The allegations triggered cascading chaos at the Weinstein Co. A third of the all-male board has stepped down since Thursday. The prominent attorney Lisa Bloom, daughter of well-known Los Angeles women's rights attorney Gloria Allred, on Saturday withdrew from representing Weinstein, as did another adviser, Lanny Davis.
A spokesperson for The Weinstein Co. declined to provide further details on the firing. Messages left for attorney John Keirnan, who had been appointed to lead an investigation, weren't immediately returned Sunday.
Pressure to act continued to mount on the board as more developments followed. Congressional Democrats, including Senate Minority Leader Chuck Schumer and Massachusetts Senator Elizabeth Warren, donated to charities thousands of dollars in donations they had received from Weinstein.
TV anchor Lauren Sivan on Friday detailed an alleged 2007 encounter with Weinstein in a HuffPost report. Sivan, then working at a New York cable channel, Long Island 12, alleged that Weinstein cornered her in the hallway of a Manhattan restaurant closed to the public and masturbated in front of her.
Sivan said she had rejected an attempt by Weinstein to kiss her. “Well, can you just stand there and shut up,” she claims he responded.

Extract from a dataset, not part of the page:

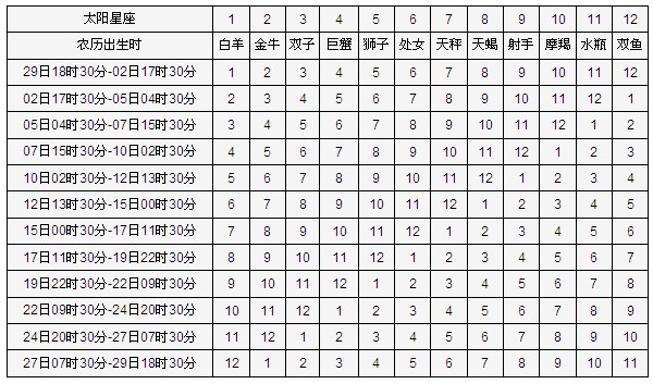 上表的日期都是以农历来计算。举例来说:A为射手座,代码为9。农历生日为 12月12日中午13:30,所以再找12日13时30分-15日00时30分那一栏,对照得“2”而“2”为金牛座,可知 A 的月亮星座为金牛座。

She is scheduled to appear on Megyn Kelly's NBC show on Monday.
Bob Weinstein and David Glasser, chief operating officer, are now running The Weinstein Co. But it remains to be seen not only if the company can continue without its prominent producer but also whether it can weather questions of culpability in its former co-chairman's behavior. In reaction to Thursday's report, many in Hollywood called Weinstein's behavior “an open secret.” The settlement funds paid out also may have come from The Weinstein Co.
Many in the movie industry vented their disgust with the allegations against Weinstein in recent days, including Lena Dunham and Brie Larson. For them, the allegations against Weinstein not only compare to those against Bill Cosby and Roger Ailes, but reflect Hollywood's deep-rooted gender inequality. Imbalances in pay between actors and actresses and the continued paucity of women directors behind the camera for the biggest productions have been ongoing issues in Hollywood.
Still most of the A-listers who Weinstein led to Academy Awards nominations have been largely silent since Thursday's report. On Sunday night, others celebrated Weinstein's exit.
“If even 1/10th of the stories about Harvey Weinstein are true (and I believe they are), then good riddance,” said “Guardians of the Galaxy” director James Gunn, who added an expletive. “The enabling needs to end.”